Zwar räumt das Landratsamt ein, dass sich aus der Mehrfertigung der Verfügung vom 21.08.2002 kein
Buchungszeichen für die Zahlung der Gebühr entnehmen lässt. Nachdem jedoch ein Zahlungseingang vom
Antragsteller gerade in der Höhe des Betrags festgestellt werden konnte, der der Höhe der Gebühr entspricht,
die der Mehrfertigung der Verfügung vom 21.08.2002 in der Behördenakte zu entnehmen ist, folgt daraus, dass
dem Antragsteller die Gebührenfestsetzung und damit auch die zu Grunde liegende Verfügung zugegangen
sein muss. Angesichts der substantiierten Darlegung und Glaubhaftmachung des Zahlungseingangs durch das
Landratsamt reicht ein bloßes Bestreiten des Zugangs der Verfügung vom 21.08.2002 durch den Antragsteller
nicht aus.
18 Da der Antragsteller entgegen der Auffassung des Landratsamts jedoch nach Tilgung von 3 Punkten am
29.04.2005 einen Stand von 6 Punkten erreicht hatte, hätte er erneut wegen der als Ordnungswidrigkeit
geahndeten Überschreitung der Höchstgeschwindigkeit vom 02.02.2005, bezüglich der das
Ordnungswidrigkeitenverfahren am 18.05.2005 rechtskräftig abgeschlossen war, nach § 4 Abs. 3 Satz 1 Nr. 1
StVG verwarnt werden müssen, als er wieder einen Punktestand von mehr als 8 Punkten erreicht hatte.

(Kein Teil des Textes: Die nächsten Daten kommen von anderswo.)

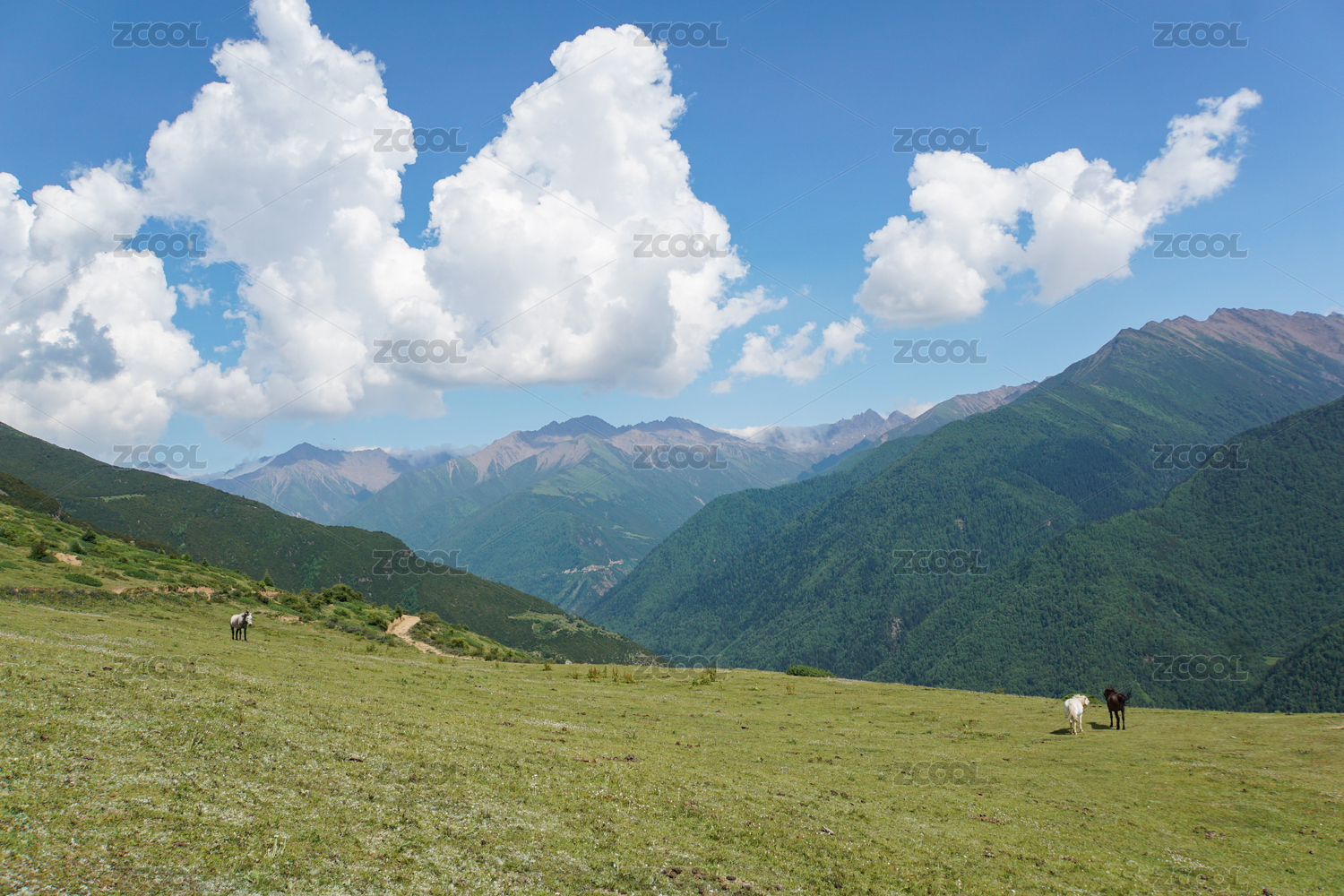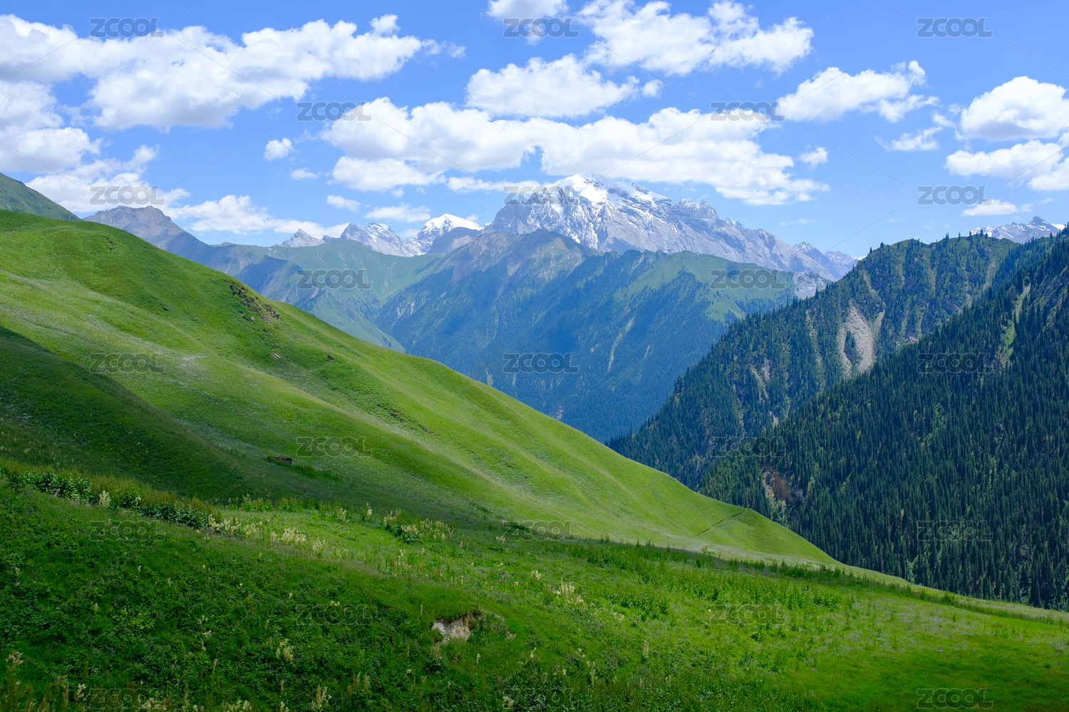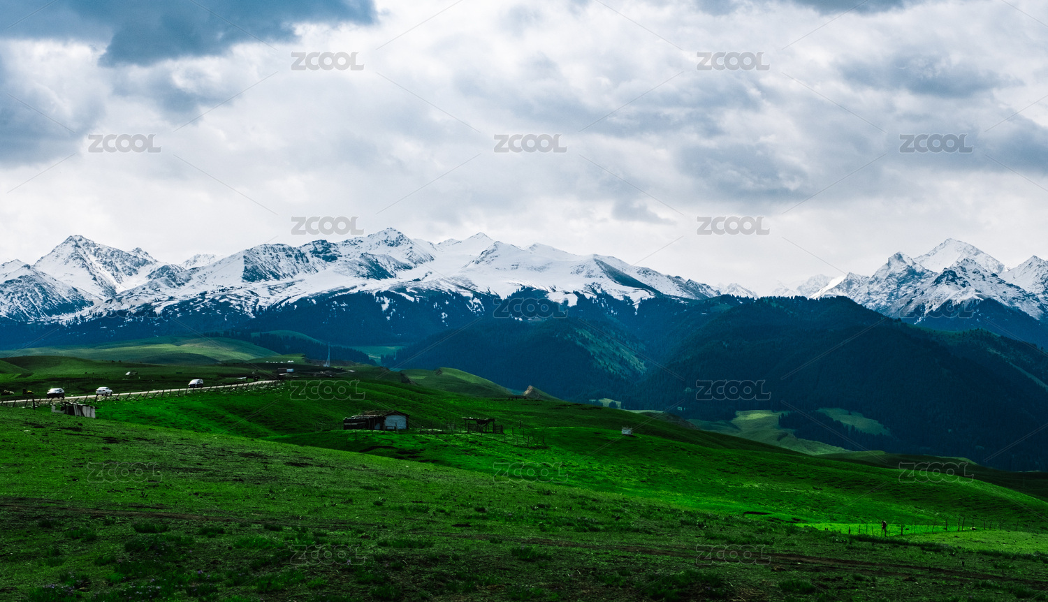 中国新疆乌孙古道高山牧场与远处的雪山
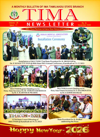 The Indian Medical Association (IMA) Tamilnadu is a voluntary organization, representing the entire spectrum of the modern allopathic medicine and its specialties in our State. The organization was started in the year 1940, by a band of dedicated doctors whoever deeply committed in upholding the dignity of the medical profession and also in the improvement of the quality of the medical service to the people of Tamilnadu especially to the poor.
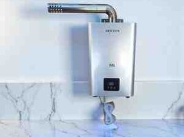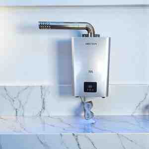 Qazla işləyən divar tipli su qızdırıcıları (geyzer) – paslanmayan polad gövdə və elektron idarəetmə paneli ilə.
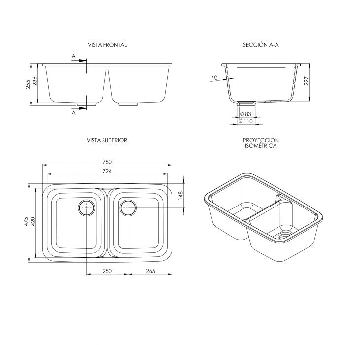 ¡Transforma tu cocina en un oasis de estilo y funcionalidad con nuestra pileta para cocina doble en superficie sólida Tresol! Con unas dimensiones perfectamente equilibradas de 780 mm de largo, 475 mm de ancho y una profundidad de 255 mm, esta pieza de alta calidad es la elección ideal para tu espacio culinario.

Entgegen der Auffassung des Landratsamts konnte die zuletzt genannte Ordnungswidrigkeit nicht bereits mit
ihrer Begehung am 02.02.2005 hinzugerechnet werden. Die Hinzurechnung konnte erst nach rechtskräftigem
Abschluss des Ordnungswidrigkeitenverfahrens erfolgen. Nach der Rechtsprechung des
Bundesverwaltungsgerichts, der die Kammer folgt (Urteil vom 25.09.2008 - 3 C 3/07 -, Juris) setzen die
Maßnahmen, die die Fahrerlaubnisbehörden nach § 4 Abs. 3 StVG beim Erreichen der dort genannten
Punktezahlen zu treffen haben, rechtskräftig geahndete Verkehrsverstöße voraus. Die Verwarnung nach § 4
Abs. 3 Satz 1 Nr. 1 StVG darf also nur erfolgen, wenn die dem Punktestand zu Grunde liegenden
Verkehrsverstöße rechtskräftig geahndet sind. Hier gilt das so genannte Rechtskraftprinzip. Nur bei der
Ermittlung des für einen Punkteabzug und dessen Umfang nach § 4 Abs. 4 StVG maßgeblichen Punktestands
sind nach der Rechtsprechung des BVerwG (a. a. O.) die Verkehrsverstöße zu berücksichtigen, die im
Zeitpunkt der Ausstellung der Teilnahmebescheinigung für das Aufbauseminar begangen waren, auch wenn sie
erst später rechtskräftig geahndet worden sind (sogenanntes Tattagprinzip). Letzteres gilt somit nicht, wie das
Landratsamt meint, durchgängig.
19 Die Kostenentscheidung beruht auf § 154 Abs. 1 VwGO.